After all, one must always return to the heart of the matter, which is: what is impeachment supposed to achieve? It is supposed to determine, in a public way, if an official who has antagonized elected representatives to the extent that they have secured an indictment in the House of Representatives, deserves to stay in office or not. This is done by means of a reasonably organized hearing in which popularly-elected officials will end up delivering the verdict. However, there is a supposed conflict in the provisions of the Constitution on impeachment and judicial review. A blogger calls this a Clash of Values: Judicial Review vs Checks and Balance. There are, however, many voices who see no unbridgeable gap; a temporary separation of opinion, perhaps, but eminently capable of resolution. We will have to see if that’s the case.

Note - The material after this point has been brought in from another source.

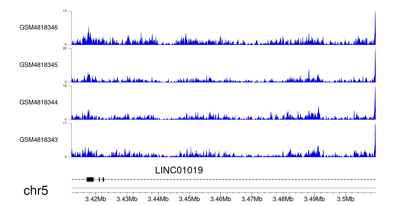 > Dataset: GSE131257 - LINC01019 peak across samples

I still believe Mr. Corona has still conceded public opinion; he may even have conceded culpability to a certain extent, in order to avoid conviction purely on technicalities. As an unelected official whose power and authority come not from public approval, or even collegial respect, he may feel he can manage with public disapproval so long as he can still hold the line in the Supreme Court. What he needs, however, is to distract enough of the public and enough of those involved in the impeachment trial, so that they won’t notice or point out, other maneuvers he or his allies are making.
Why would anyone aside from Mrs. Arroyo’s coterie come to his assistance? His defeat would be one more achievement for the cause of accountability; it would bring Mrs. Arroyo closer to her moment of accounting; it would also weaken those who see their political prospects dependent on weakening, in turn, the tide of reform. Otherwise, the tide could leave them feeling soaked come 2013 and 2016. There was already a Showdown in 2010: 2013 is the chance to try to reverse that verdict before it becomes terminally irreversible in 2016. Why do I say “terminally”? Because those who tried to clamber back from the great showdown of 1986, who saw their two-decade clawing back to power once again defeated in 2010, are not getting any younger. The next two elections are the last they can throw their hats into, before the verdict of history becomes permanent.